What to produce
Would you return the data below exactly as it stands, with every picture left out?

Start of Source material

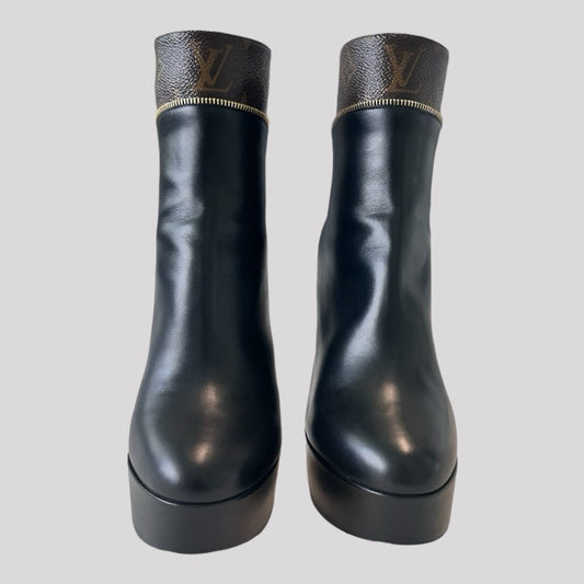 Louis Vuitton Calfskin Monogram Afterglow Platform Ankle Boots
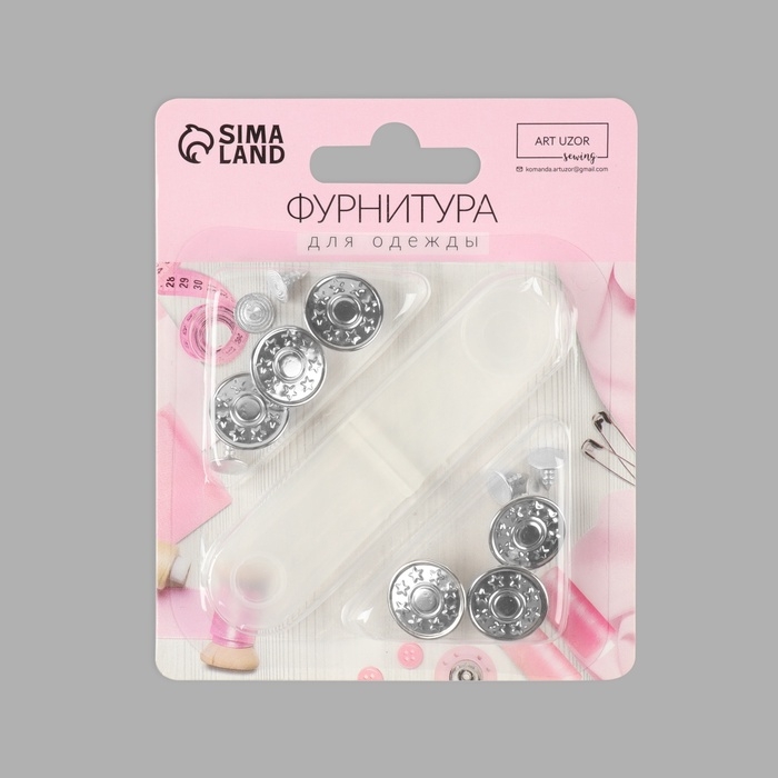 Набор джинсовых пуговиц, 17 мм, 6 шт, с установщиком, цвет серебряный
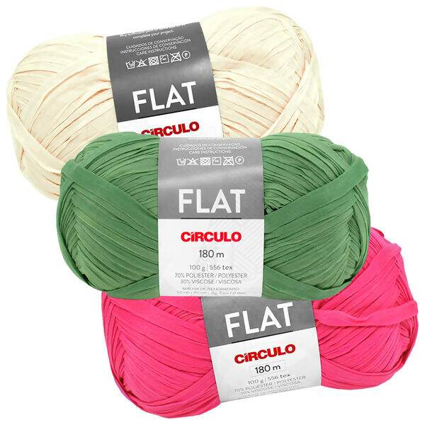 Flat é ideal para a confecção de peças estruturadas e acessórios modernos e cheios de personalidade. Com um efeito diferenciado, o fio dá vida a projetos únicos! Além disso, conta com a tecnologia Easy Pull.
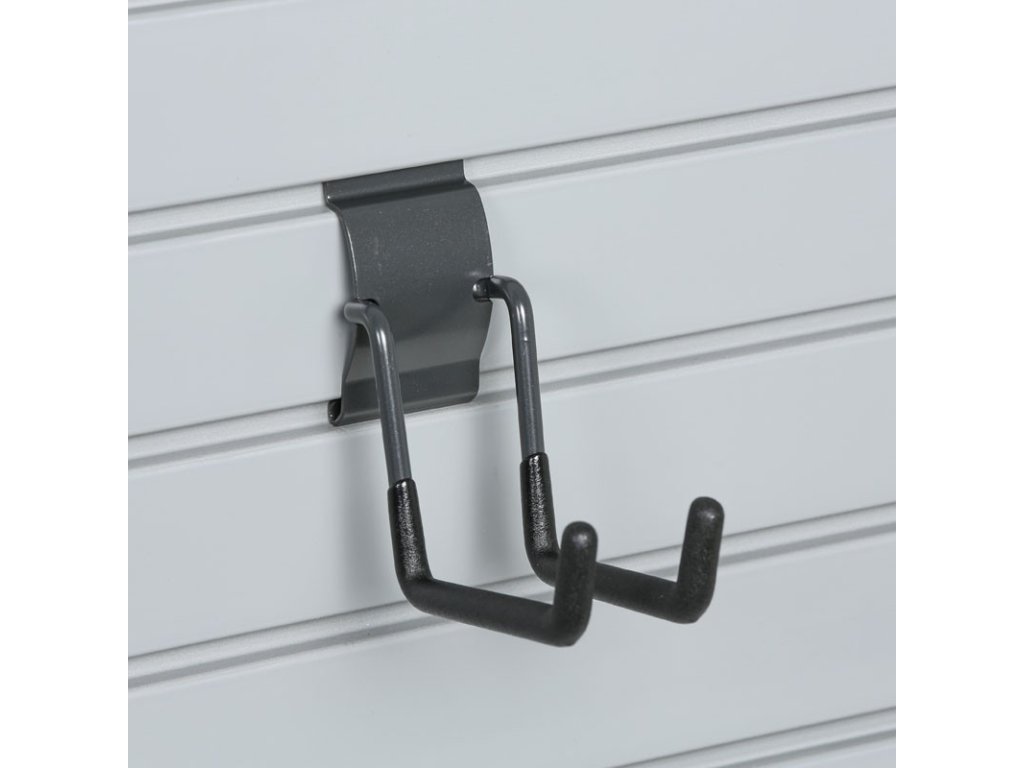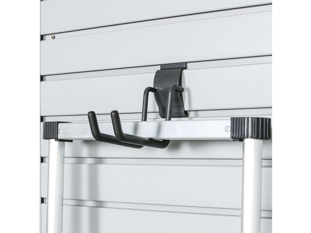 Tento dvojitý hák pro závěsné systémy Storia má díky svému specifickému tvarování po vzoru dvou písmen „J“ velice široké využití. Pomocí něj uchytíte v podstatě cokoli – ať už jde o sportovní vybavení, zahradní náčiní, nářadí, oblečení, nebo třeba dětské hračky. Díky částečně pogumovanému povrchu se nemusíte bát poškození či nežádoucího poškrábání skladovaného předmětu.

End of Source material

The answer
 Louis Vuitton Calfskin Monogram Afterglow Platform Ankle Boots
 Набор джинсовых пуговиц, 17 мм, 6 шт, с установщиком, цвет серебряный
 Flat é ideal para a confecção de peças estruturadas e acessórios modernos e cheios de personalidade. Com um efeito diferenciado, o fio dá vida a projetos únicos! Além disso, conta com a tecnologia Easy Pull.
 Tento dvojitý hák pro závěsné systémy Storia má díky svému specifickému tvarování po vzoru dvou písmen „J“ velice široké využití. Pomocí něj uchytíte v podstatě cokoli – ať už jde o sportovní vybavení, zahradní náčiní, nářadí, oblečení, nebo třeba dětské hračky. Díky částečně pogumovanému povrchu se nemusíte bát poškození či nežádoucího poškrábání skladovaného předmětu.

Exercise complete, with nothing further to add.